START Dataset content
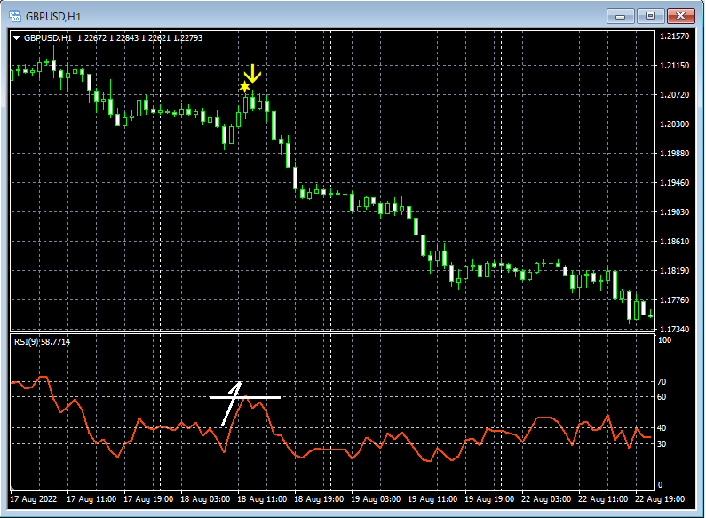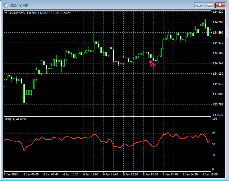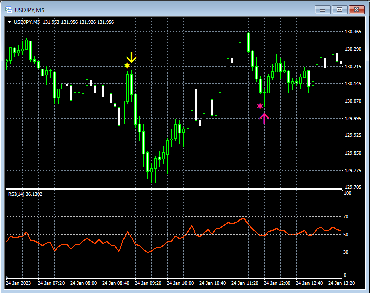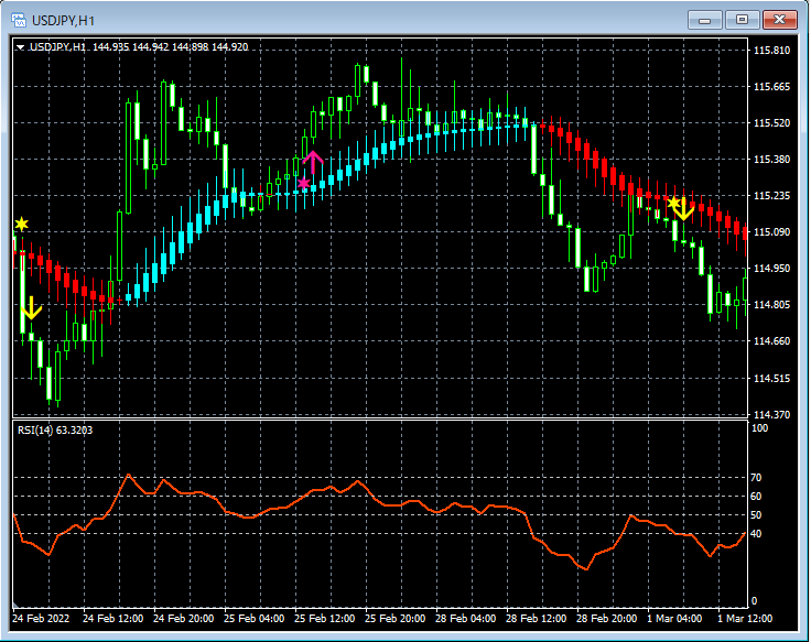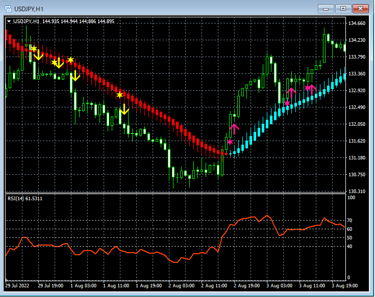 RSIが売りレベルを上抜けした時に、平均足スムーズドが陰線ならば、黄色の星印が点灯します。
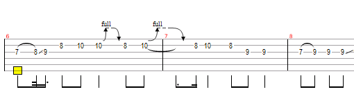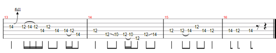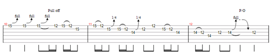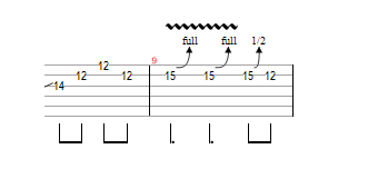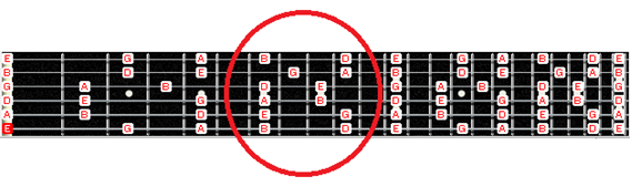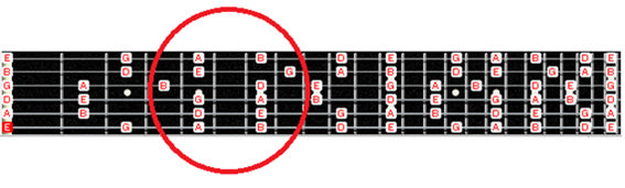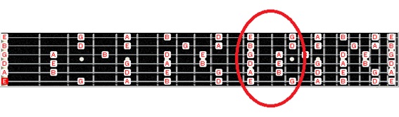 Esse trecho do solo é executado no terceiro desenho da pentatônica de Em, veja o desenho abaixo:
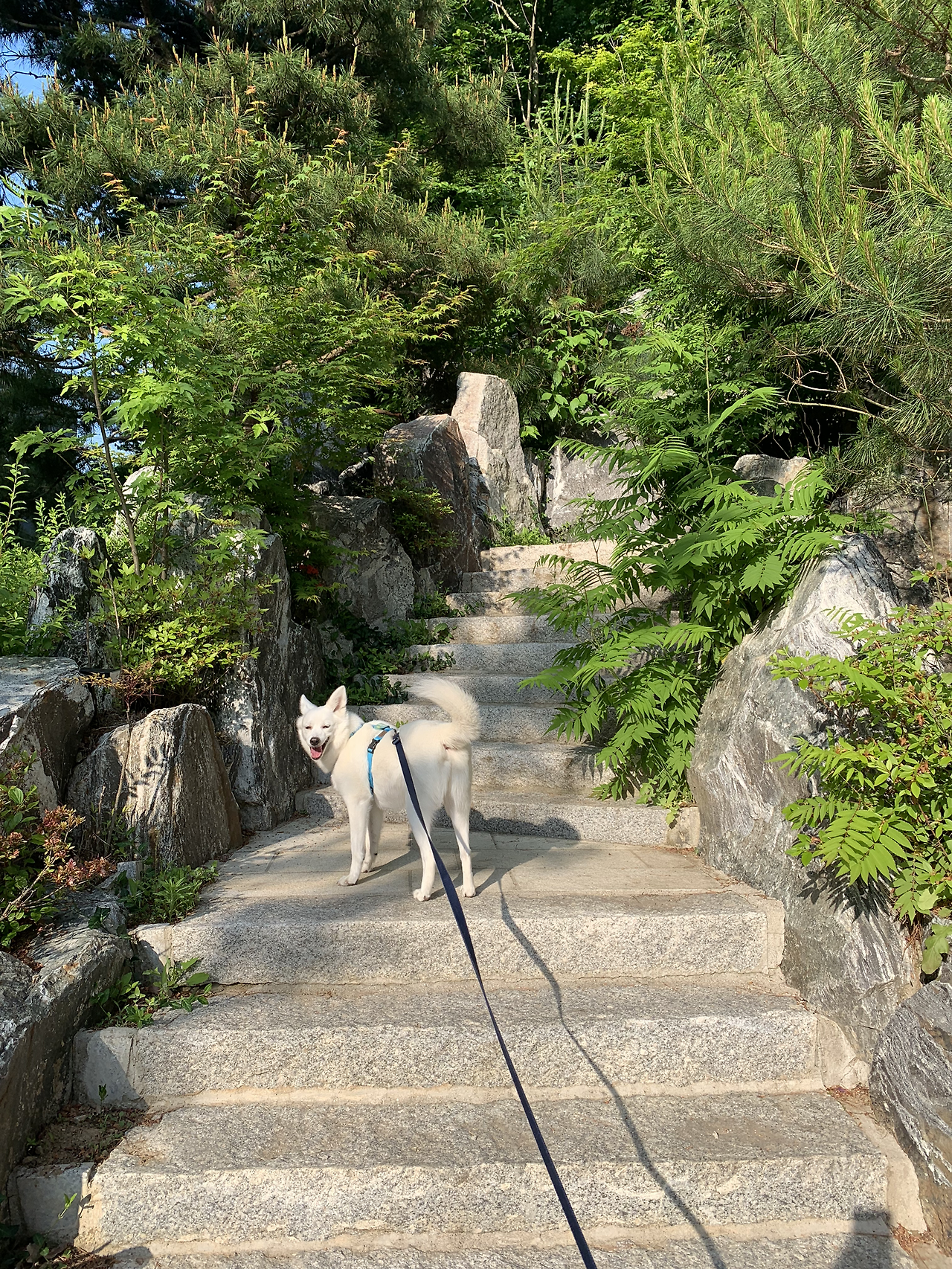 아파트 뒤편으로 보이는 작은 동산. 여기도 숲이라고 여기서 맡는 냄새와 분위기가 남다른가 보다. 벌레가 많고 저녁때 가면 조금 으스스해서 만류도 해봤지만 저렇게 꼬리 치며 원하는데 가줘야 하지 싶다.
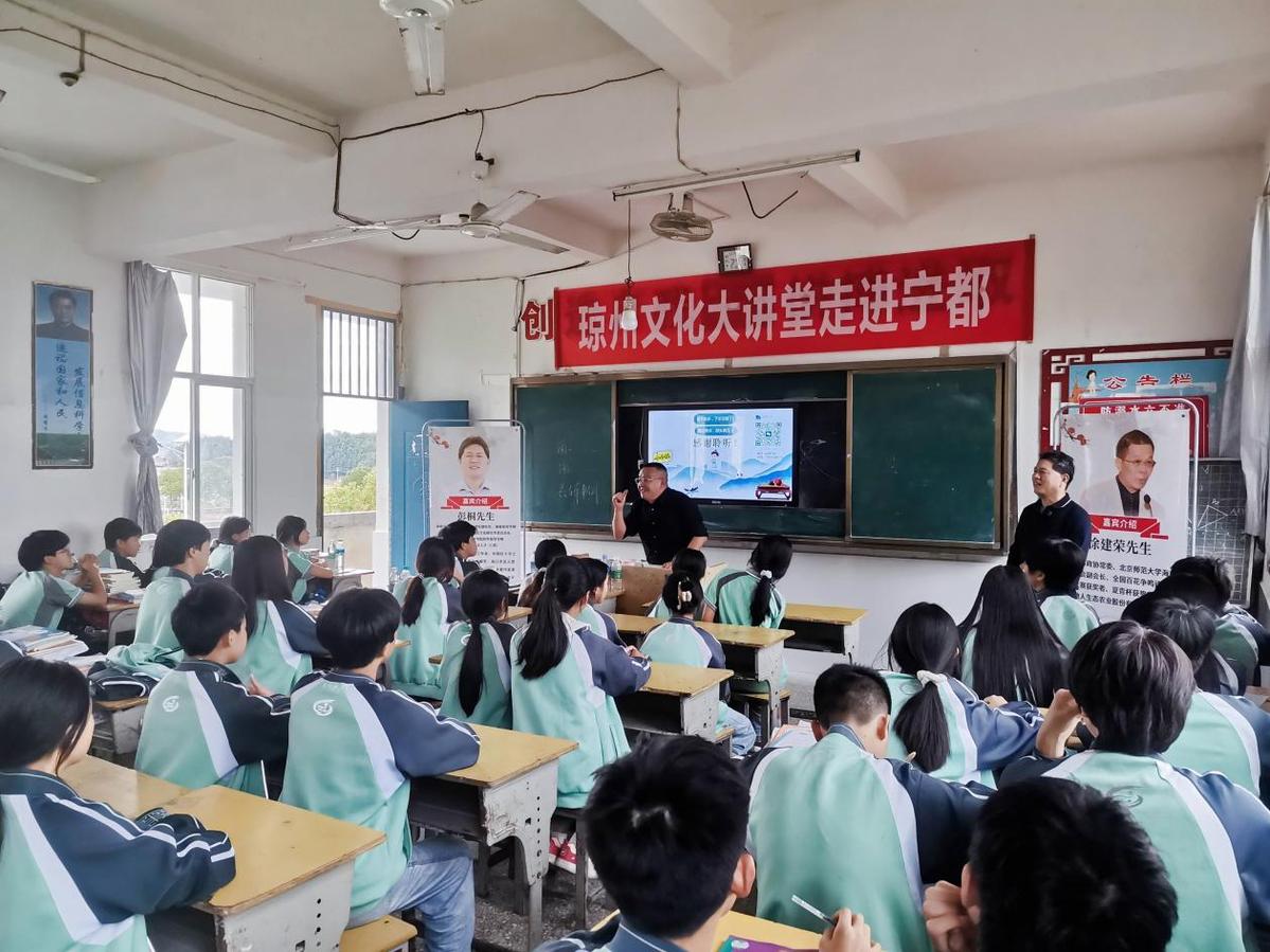 10月29日,重阳佳节之际,琼州文化大讲堂第60场活动在江西省宁都湛田中学成功举办。本次活动以“阅读点亮人生”为主题,由海南作家彭桐与朗诵艺术家徐建荣联袂主讲,同步举行了家和公益图书馆揭幕仪式,将5000余册爱心图书送至乡村,架起一座跨越琼州海峡的文化桥梁。
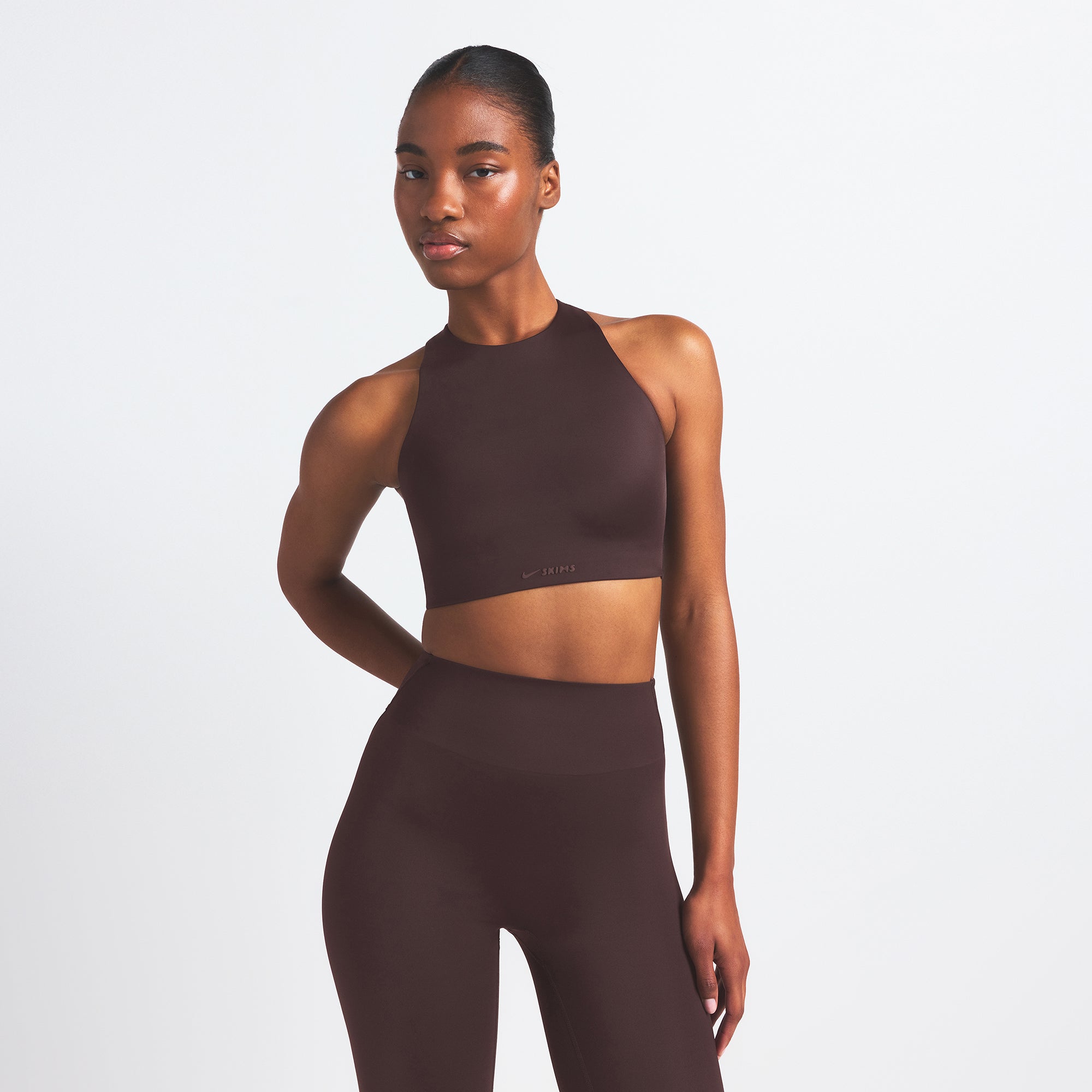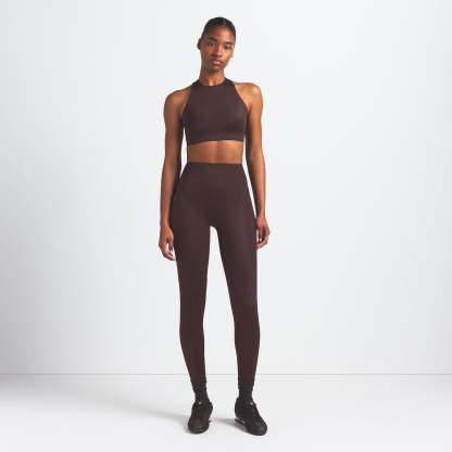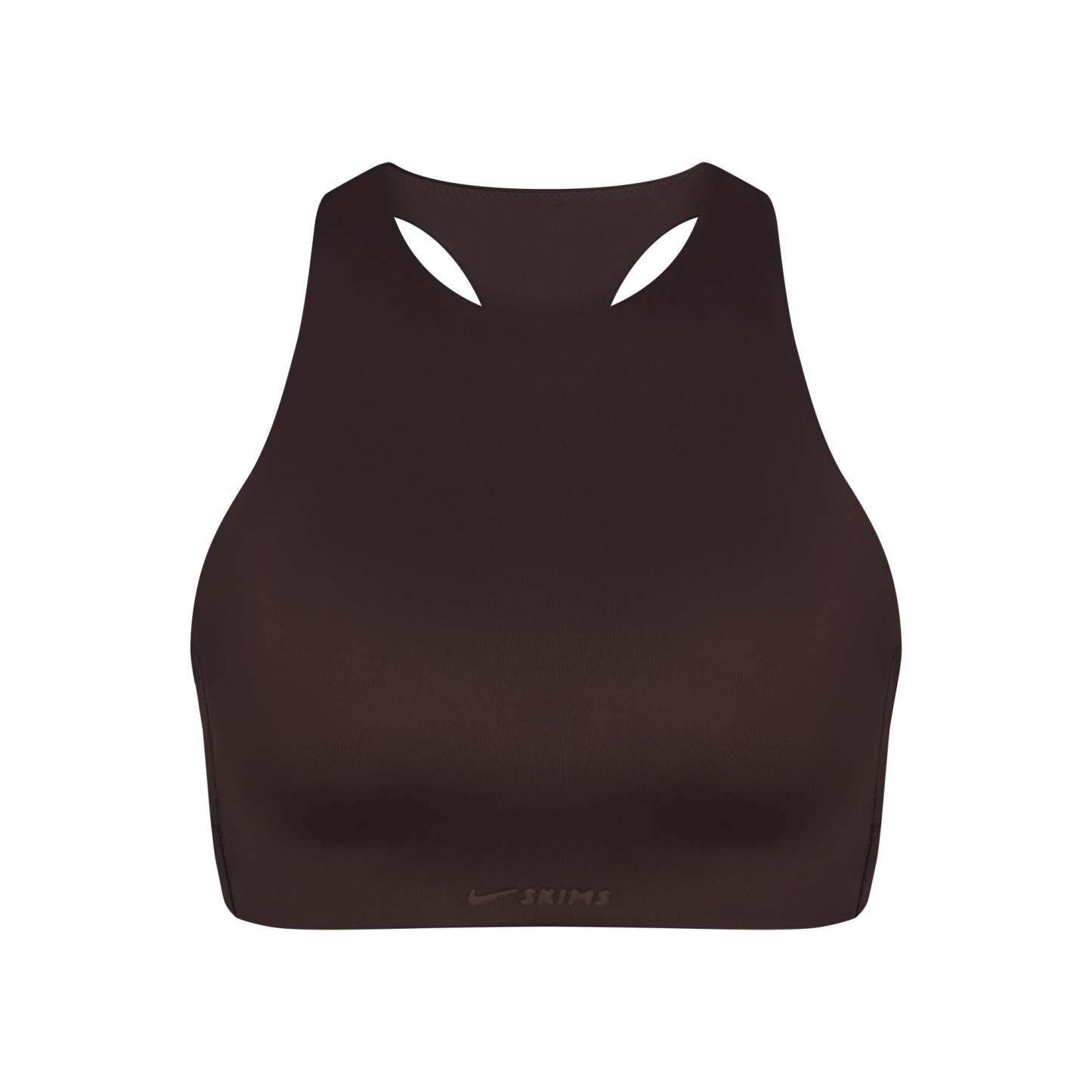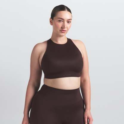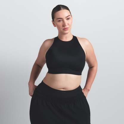 High neck bra, Built in soft lightly molded pads that provide coverage, Silicone matte logo at center front underband, Cut out detail at lower back, Hook and eye closure, Lined in power mesh and internal bonded panels for additional support, Fits tight to body, Best for high impact
END Dataset content
• Work required:
Nothing but an exact copy belongs in the answer: the lines from the top of the records through the line containing "10月29日,重阳佳节之际,琼州文化大讲", minus the pictures.

• Solution for this exercise:
 RSIが売りレベルを上抜けした時に、平均足スムーズドが陰線ならば、黄色の星印が点灯します。
 Esse trecho do solo é executado no terceiro desenho da pentatônica de Em, veja o desenho abaixo:
 아파트 뒤편으로 보이는 작은 동산. 여기도 숲이라고 여기서 맡는 냄새와 분위기가 남다른가 보다. 벌레가 많고 저녁때 가면 조금 으스스해서 만류도 해봤지만 저렇게 꼬리 치며 원하는데 가줘야 하지 싶다.
 10月29日,重阳佳节之际,琼州文化大讲堂第60场活动在江西省宁都湛田中学成功举办。本次活动以“阅读点亮人生”为主题,由海南作家彭桐与朗诵艺术家徐建荣联袂主讲,同步举行了家和公益图书馆揭幕仪式,将5000余册爱心图书送至乡村,架起一座跨越琼州海峡的文化桥梁。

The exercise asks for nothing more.